A global economy that weakens as a result and even leads to a recession would primarily affect the many German companies with strong exports and thus the Dax in particular. The previous price losses do not reflect this scenario sufficiently.

The extreme case: the war spreads

In extreme cases, the war escalates, for example when Putin feels cornered by the sanctions and the threat of his country’s bankruptcy. Then he could stage an incident in the border area with a NATO state that would lead to a military conflict. In that case, all of Europe has a much bigger problem than falling stock prices.

Losses of well over 50 percent are likely. In the past, the Dax fell more sharply during much smaller crises: between 2000 and 2003 it was 75 percent.

Which offers investors orientation

Orientation is provided by a sober balance sheet figure: the price-to-book ratio (PBV). It expresses how highly companies are valued in terms of their equity and is calculated as all of the company’s assets less their liabilities.

The number is so important because it gave a good entry signal in past major crises, when all Dax companies were only rated with an average P/B of one. This means that investors paid as little for the Dax companies as they reported in terms of book value.

This was the case with the Iraq war that began in 2003 as a result of the terrorist attacks on the USA. At that time, the Dax fell to 2200 points. The next time it slipped to 3666 points in the financial crisis in 2009 and the last time in the corona crash in 2020 to 8200 points.

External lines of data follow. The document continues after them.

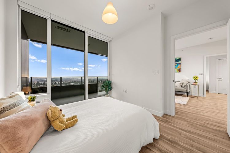 Welcome to POLARIS at Metrotown. This bright south-facing 2 bed, 2 bath home offers unobstructed panoramic views from Mount Baker to the ocean, spanning South Surrey, White Rock, Tsawwassen, Richmond, and Vancouver. Enjoy the scenery from a 227 sqft. balcony and a light-filled interior with 9’ ceilings and wide-plank flooring throughout. The gourmet kitchen features Italian-crafted cabinetry, Miele appliances, and quartz countertops with full backsplash. Spacious laundry room with side-by-side washer/dryer. Amenities include a 10,000 sq.ft. courtyard, fitness centre, golf simulator, guest suite, games & meeting rooms, and a party lounge with BBQ terrace. Steps to Metrotown, SkyTrain, shopping, dining, groceries & daily conveniences. Complete w/ 1 parking + locker. OPEN: Sat Mar28th @2-4PM.
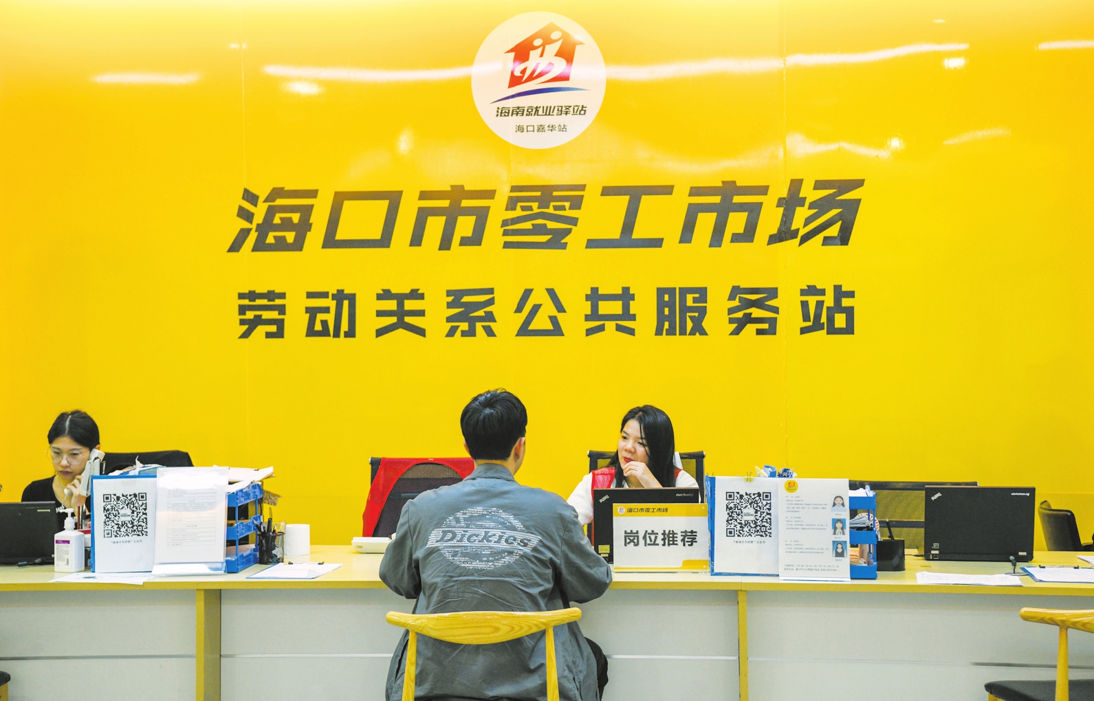 11月20日,在海南就业驿站海口嘉华站(海口市零工市场),工作人员为求职市民解答相关问题。
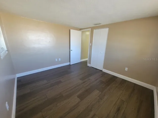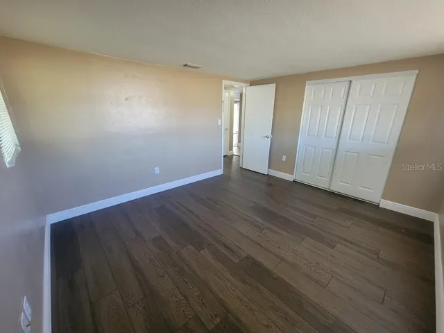 The split floor plan provides privacy, with the owner’s suite featuring a large walk-in closet and private full bathroom. Sliding glass doors off the dining area lead to a covered and screened patio, ideal for entertaining or enjoying the Florida weather.
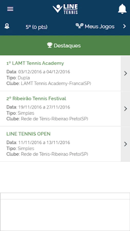 LineTennis is an app that manages tournaments of tennis sport. Providing tools to facilitate the organization, management and practicalities of tennis players. With events held through the Line Tennis application, the organizer will optimize your time and disseminate information about the simple and fast event.
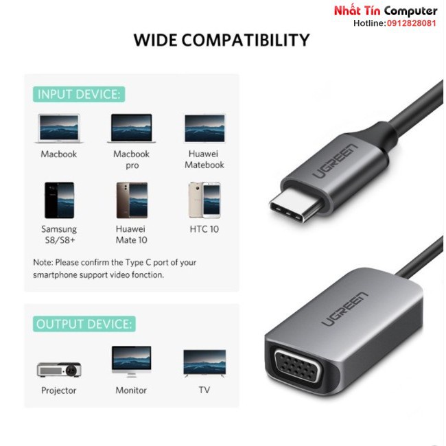 Cáp chuyển đổi USB Type-C sang VGA của Ugreen 50316 được thiết kế để kết nối các máy tính mới được phát hành như MacBook 2015, Google Chromebook Pixel hoặc ASUS Zen AiO PC với HDTV, màn hình hiển thị hoặc máy chiếu có giao diện VGA ở độ phân giải lên đến 1080P, xuất ra nội dung do người dùng tạo như thuyết trình và tài liệu công việc, nó cũng có thể hoạt động để tăng năng suất của bạn bằng cách mở rộng máy tính để bàn của bạn lên màn hình phụ, nhân đôi không gian làm việc có sẵn.
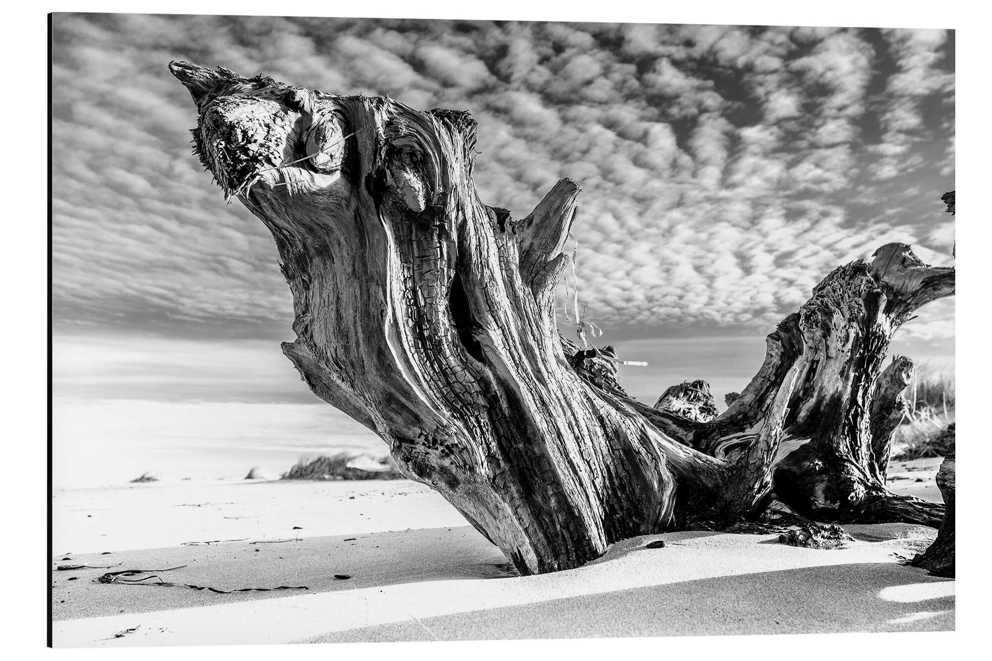 Posterlounge   Wandbilder   Querformat   Sascha Kilmer   Magnettafel Ostseestrand mit alter Baumwurzel (schwarz weiß)

The stock market decline always ended when the companies, converted into Dax points, were only valued on the stock exchange with their simple substance.

A Dax of 8366 points is currently calculated for this. That is another third below the current level. This number does not give a perfect entry signal, especially not for the third extreme scenario. After all, prices always result from supply and demand. But some orientation is worth something in uncertain times like now.